Ia tampak berpikir sejenak, lalu mengangguk setuju.
Rupanya dia tahu betul budaya dan kesenian Blora. Dari tayub, barongan, wayang, sampai ketoprak. Aku yakin banyak kisah yang dia simpan dan belum ia ceritakan padaku. Ia memberi masukan dan pencerahan. Meski sudah tua, ia masih ingat betul detail tradisi dan budaya. Bahkan hanya beberapa jam, makalahku selesai secara garis besar. Tinggal kudalami dan kupas sedikit, selesai sudah.
“Jika makalah ini jadi juara, aku akan mentraktirmu. Kau bebas makan di mana saja. Apa yang kau mau. Sebagai imbalan dan rasa terima kasihku.”

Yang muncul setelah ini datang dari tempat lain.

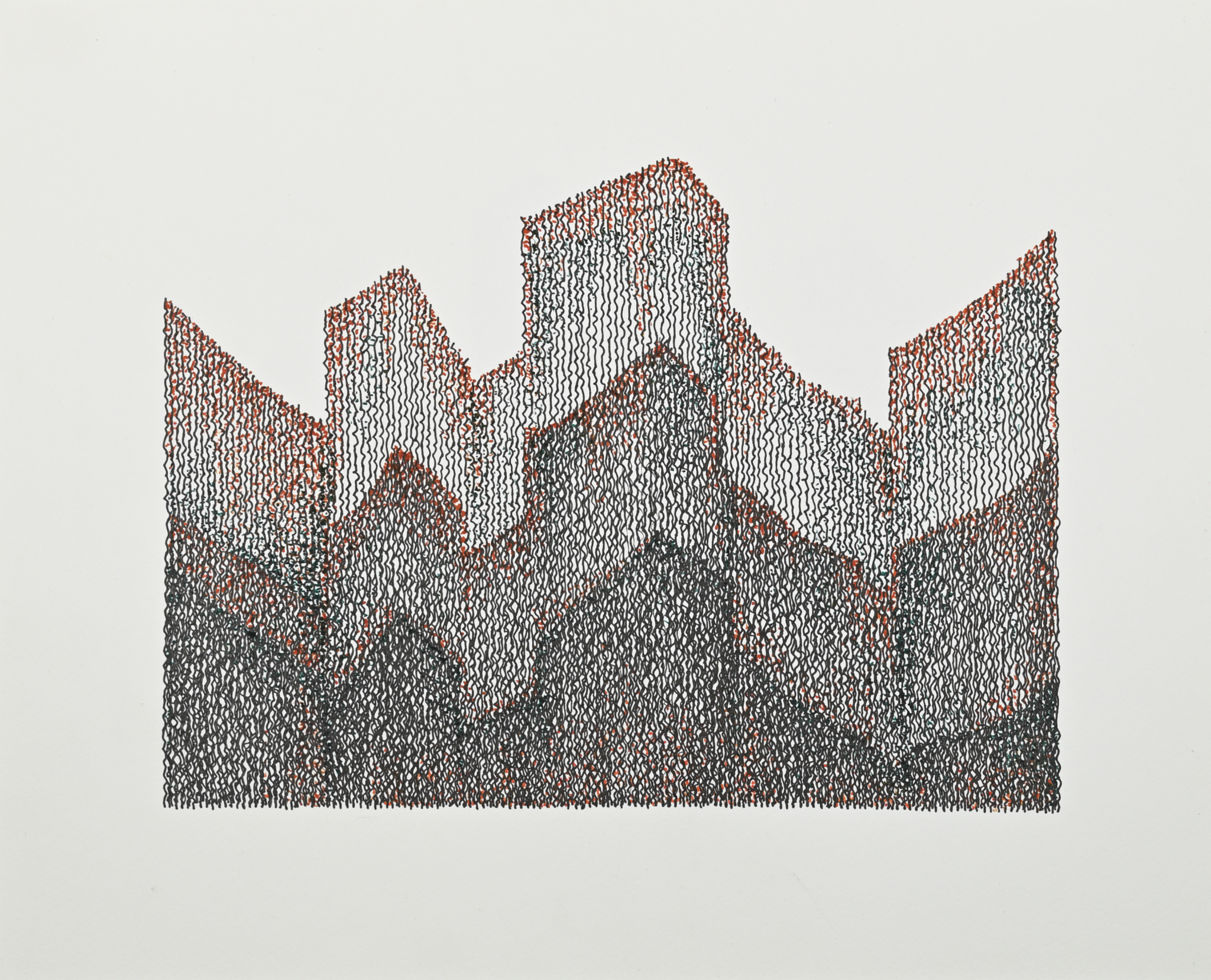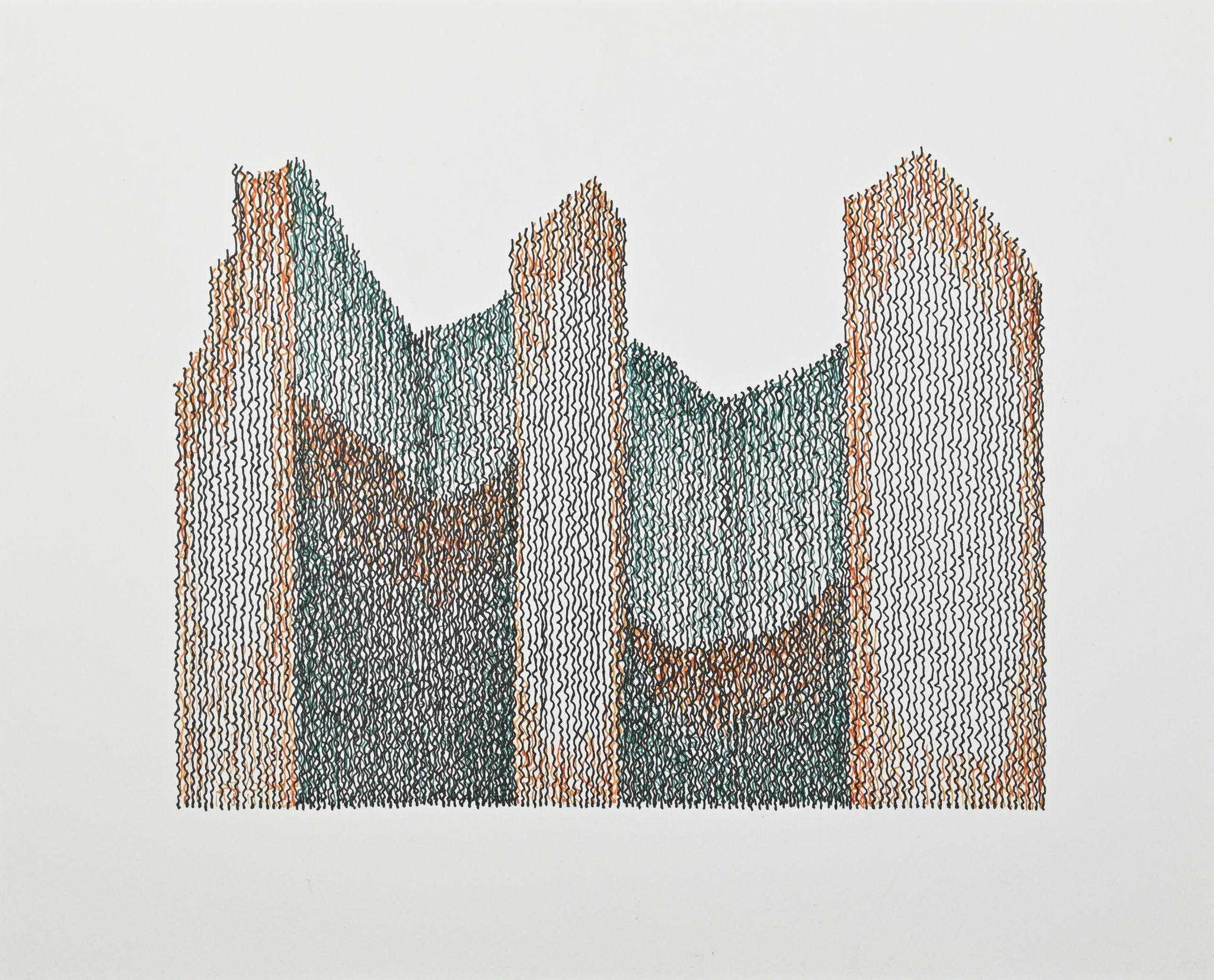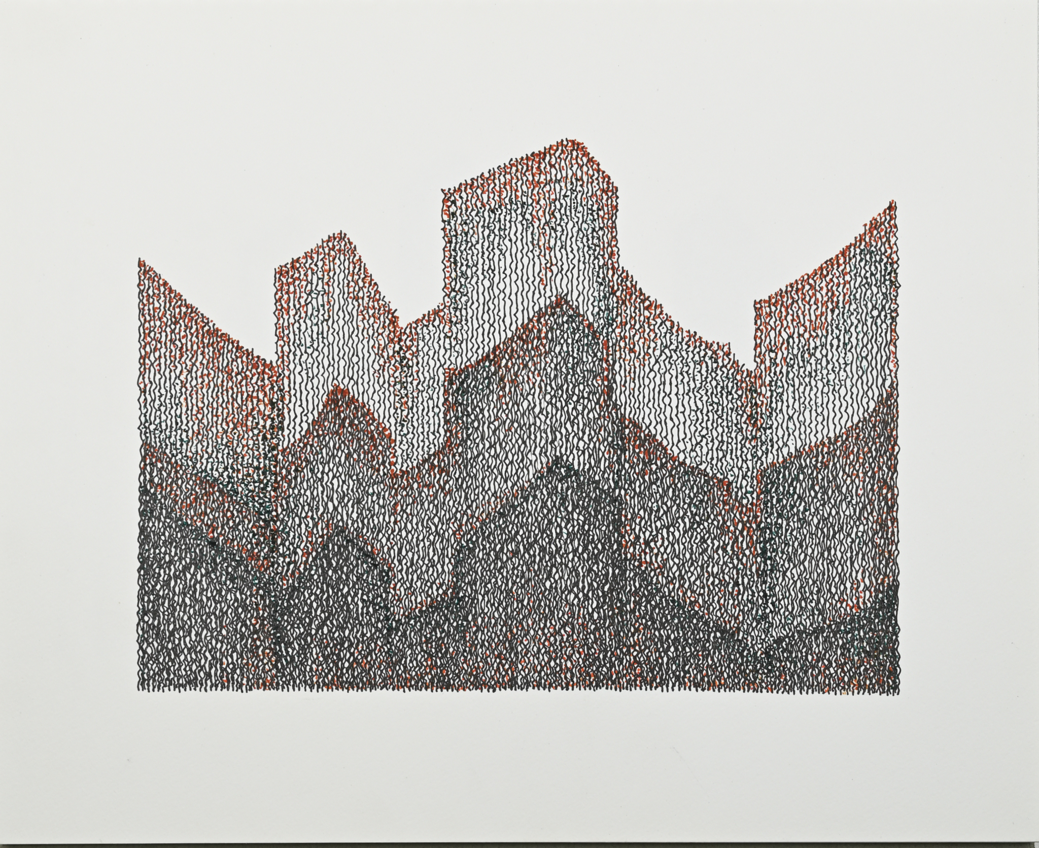 These works are drawn with 3 fountain pens on Holbein Multi-Drawing book paper. Currently, these are smaller pieces in 3F (8-5/8″ x 10-5/8″) and SM (9-1/4″ x 6-1/2″) sizes, and most are created in the field. The 3F book is drawn using a Pilot Vanishing Point fine nib pen with Platinum Carbon Black ink, a Sensa with a Schmidt’s fine nib with Pelikan Dunkelgrün ink, and a medium nib Sensa with Noodler’s Apache Sunset ink. The SM book is the first use in my work of a new pigment based ink, Tom’s Studio #60, in a Super5 .5 stub nib pen instead of the Vanishing Point.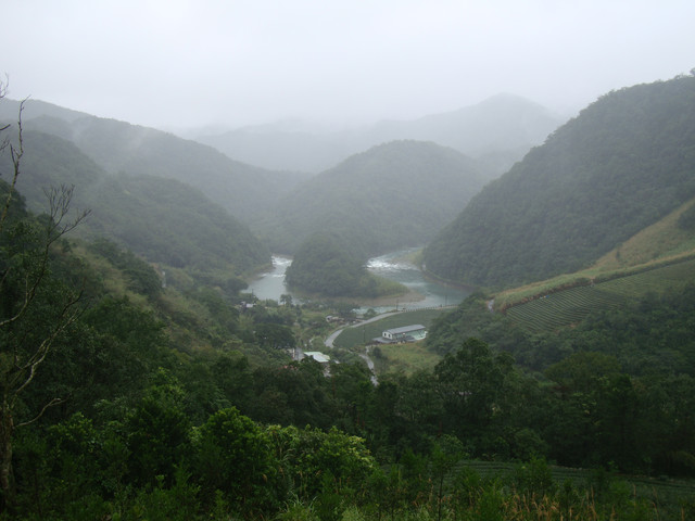 看到一幅青山綠水美景,趕緊下車頂著寒風小雨拍照。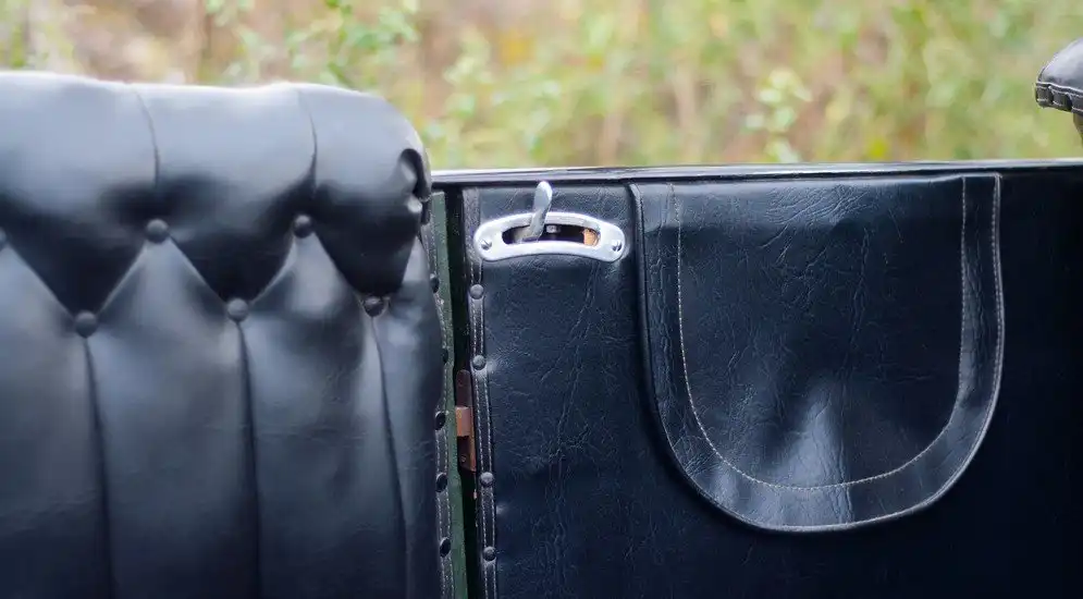 Наружных ручек у дверей нет: никаких стёкол тут не предусматривалось, поэтому все двери отрываются рычажком сверху. Даже не двери, а калитки: кузов-то деревянный, а такие замки и петли сейчас скорее встретишь на участке какого-нибудь садоводческого товарищества, а не в автомобиле. Но работает всё чётко, открыть дверь легко.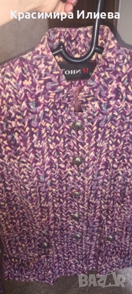 Многоцветно и стилно сако на русенската фирма Тони М. Размер 42,материята плътна,подходящо за по-студено време. Използвано с нормални следи от употреба.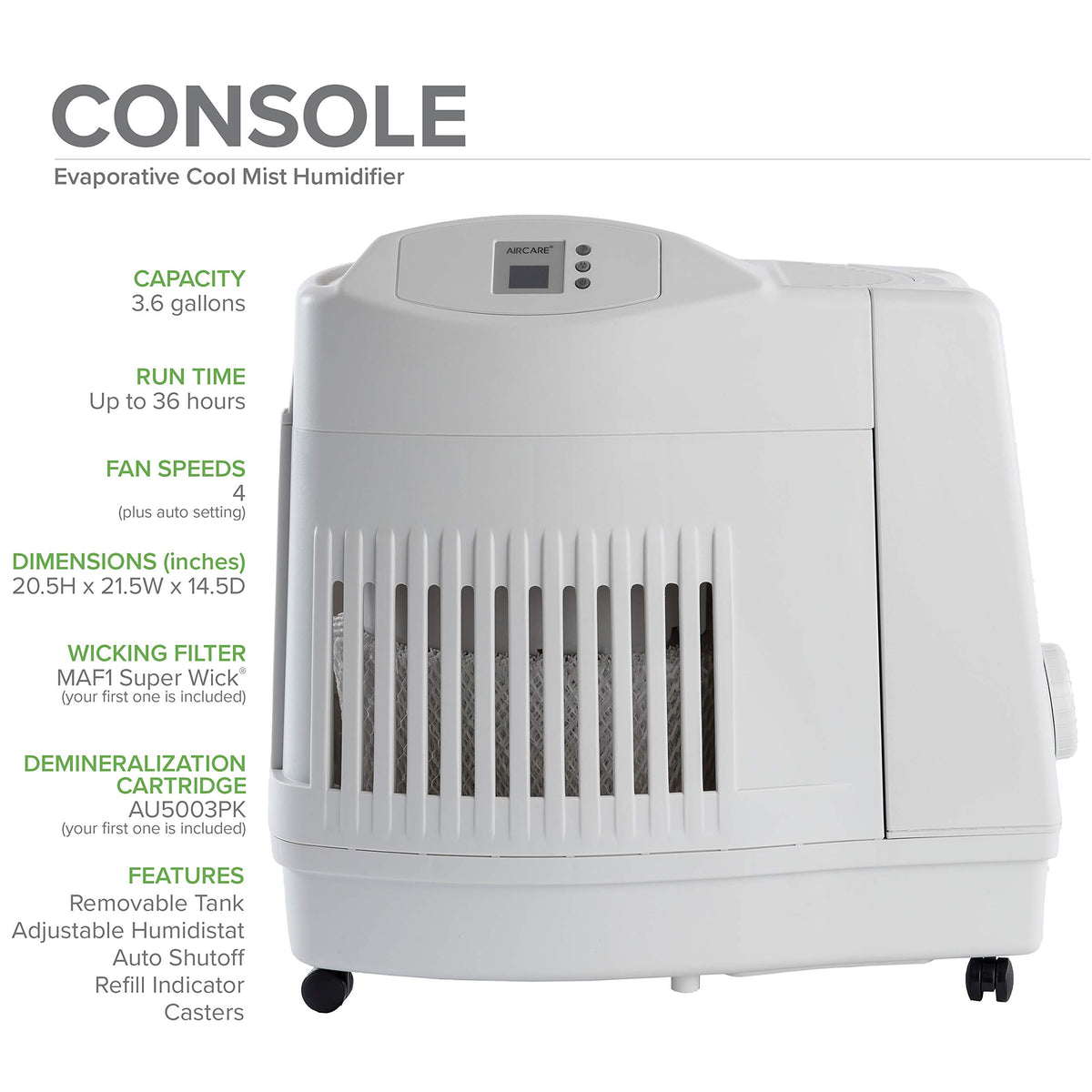 The Powerful Console Evaporative Humidifier Can Humidify A Home Up To 3,600 Square Feet. Its Tank Is Easy To Refill In A Sink, And Digital Controls Make Settings Simple. The Console Has An Auto Setting That Allows The Fan To Self-Adjust According To The Selected Humidity Level. The Console Uses Our Maf1 Super Wick (Your First One Is Included).

Lagi-lagi ia hanya tersenyum. Aku pun pulang dengan perasaan senang.
***
Hari ini aku tidak menemui Pak Tua. Aku berusaha menyelesaikan makalah karena esok terakhir mengumpulkan dan langsung presentasi. Aku sejenak melupakan Pak Tua.
Tibalah saat presentasi makalah. Aku presentasi dengan sangat baik. Pak Tua memberiku detail tradisi dengan baik. Juri menyukai dan menobatkan aku jadi juara pertama. Aku senang bukan main. Segera aku pulang untuk menemui Pak Tua.
Sampai di sana, aku tidak menemukan dia. Apa dia sedang pergi ke tempat lain? Aku pun pulang, berharap nanti Pak Tua kembali.